This is an archive of the discontinued LLVM Phabricator instance.

[x86] match concat of 128-bit high half vectors before lowering to VPERM2X128
ClosedPublic

Authored by spatel on Jan 22 2020, 7:36 AM.

Details

Summary

shuffle (ins ?, X, C1), (ins ?, Y, C2), Mask --> concat X, Y

This is another shuffle problem seen with PR42024:
https://bugs.llvm.org/show_bug.cgi?id=42024

We have this small crack in legalization/lowering/combining/demanded that allows forming a vperm2f128 of high halves with AVX1 when we could do better by peeking through the insert_subvector nodes. AFAICT, it requires IR as shown in the diffs - much larger than legal vectors - to avoid all of the usual folds.

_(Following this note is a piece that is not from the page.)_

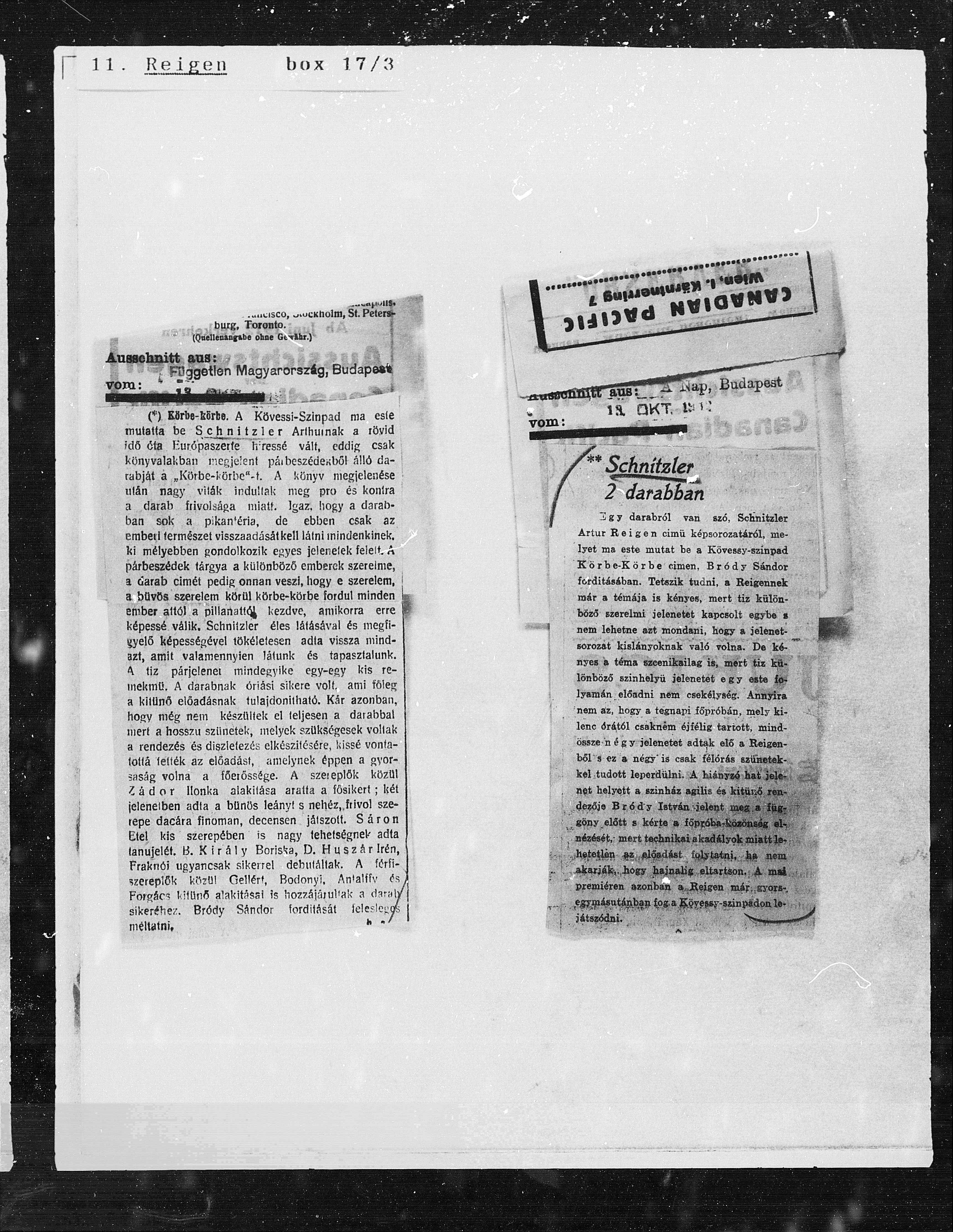 Egy darabröl van szö, Schnitzler

Another option might be to allow forming the 256-bit vperm here and then doing custom shuffle combining on that opcode.

Diff Detail

Event Timeline

spatel created this revision.Jan 22 2020, 7:36 AM
Herald added a project: Restricted Project. · View Herald TranscriptJan 22 2020, 7:36 AM

This looks OK, but I'd be curious if we'd hit more cases by adding a vperm2f128(insert_subvector,insert_subvector) combine in combineTargetShuffle instead.

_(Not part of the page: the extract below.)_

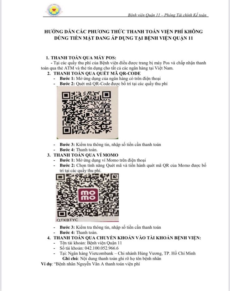 Hướng dẫn các phương thức thanh toán viện phí không dùng tiền mặt đang áp dụng tại Bệnh viện Quận 11

This looks OK, but I'd be curious if we'd hit more cases by adding a vperm2f128(insert_subvector,insert_subvector) combine in combineTargetShuffle instead.

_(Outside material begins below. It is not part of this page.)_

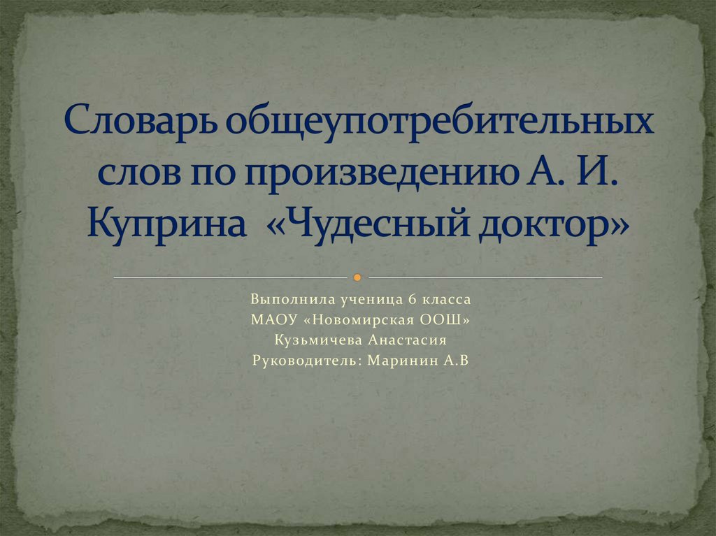 «Чудесный доктор» Александр Иванович Куприн

I drafted a combineTargetShuffle() alternative, and it doesn't cause any difference on existing regression tests. I'll post it here for comparison.

spatel updated this revision to Diff 239645.Jan 22 2020, 10:22 AM

Patch updated:
Move the transform to combineTargetShuffle(); no test diffs.

RKSimon accepted this revision.Jan 22 2020, 10:34 AM

LGTM - cheers

This revision is now accepted and ready to land.Jan 22 2020, 10:34 AM
This revision was automatically updated to reflect the committed changes.